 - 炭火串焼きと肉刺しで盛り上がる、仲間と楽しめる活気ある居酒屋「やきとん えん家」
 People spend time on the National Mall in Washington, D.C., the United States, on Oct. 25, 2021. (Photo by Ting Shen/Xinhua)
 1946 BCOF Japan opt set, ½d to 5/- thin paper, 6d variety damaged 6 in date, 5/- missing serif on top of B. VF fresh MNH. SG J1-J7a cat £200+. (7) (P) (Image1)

=-=-=-=-=

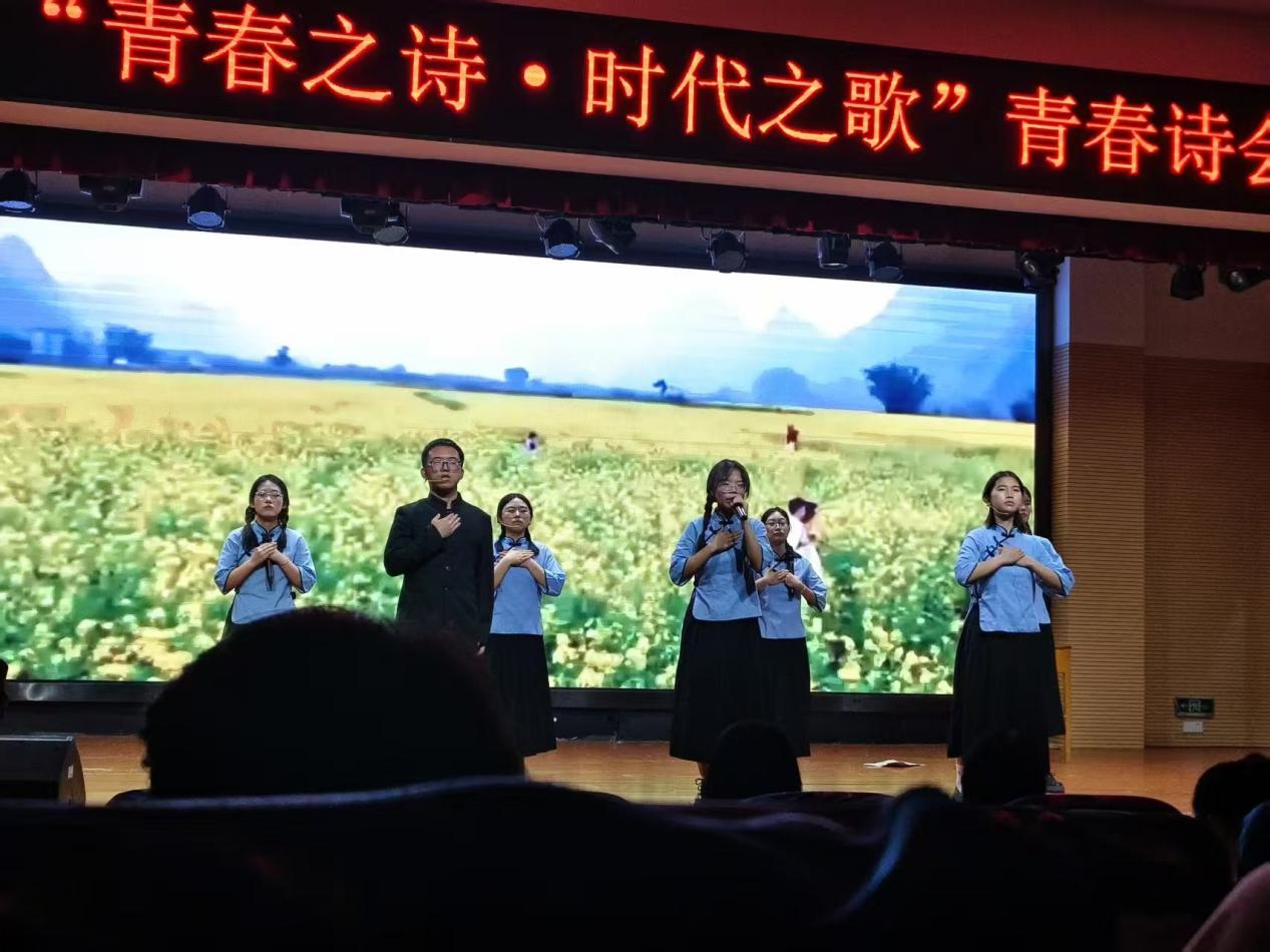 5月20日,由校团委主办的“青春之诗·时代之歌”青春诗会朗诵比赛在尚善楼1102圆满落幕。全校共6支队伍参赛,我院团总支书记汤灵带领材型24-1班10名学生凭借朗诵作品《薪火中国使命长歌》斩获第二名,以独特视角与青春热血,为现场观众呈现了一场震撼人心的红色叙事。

=-=-=-=-=

Of all the entries above, retype exactly the lines from the line with "People spend time" to the line with "1946 BCOF Japan", both included, and no others.

• Exercise solution:
 People spend time on the National Mall in Washington, D.C., the United States, on Oct. 25, 2021. (Photo by Ting Shen/Xinhua)
 1946 BCOF Japan opt set, ½d to 5/- thin paper, 6d variety damaged 6 in date, 5/- missing serif on top of B. VF fresh MNH. SG J1-J7a cat £200+. (7) (P) (Image1)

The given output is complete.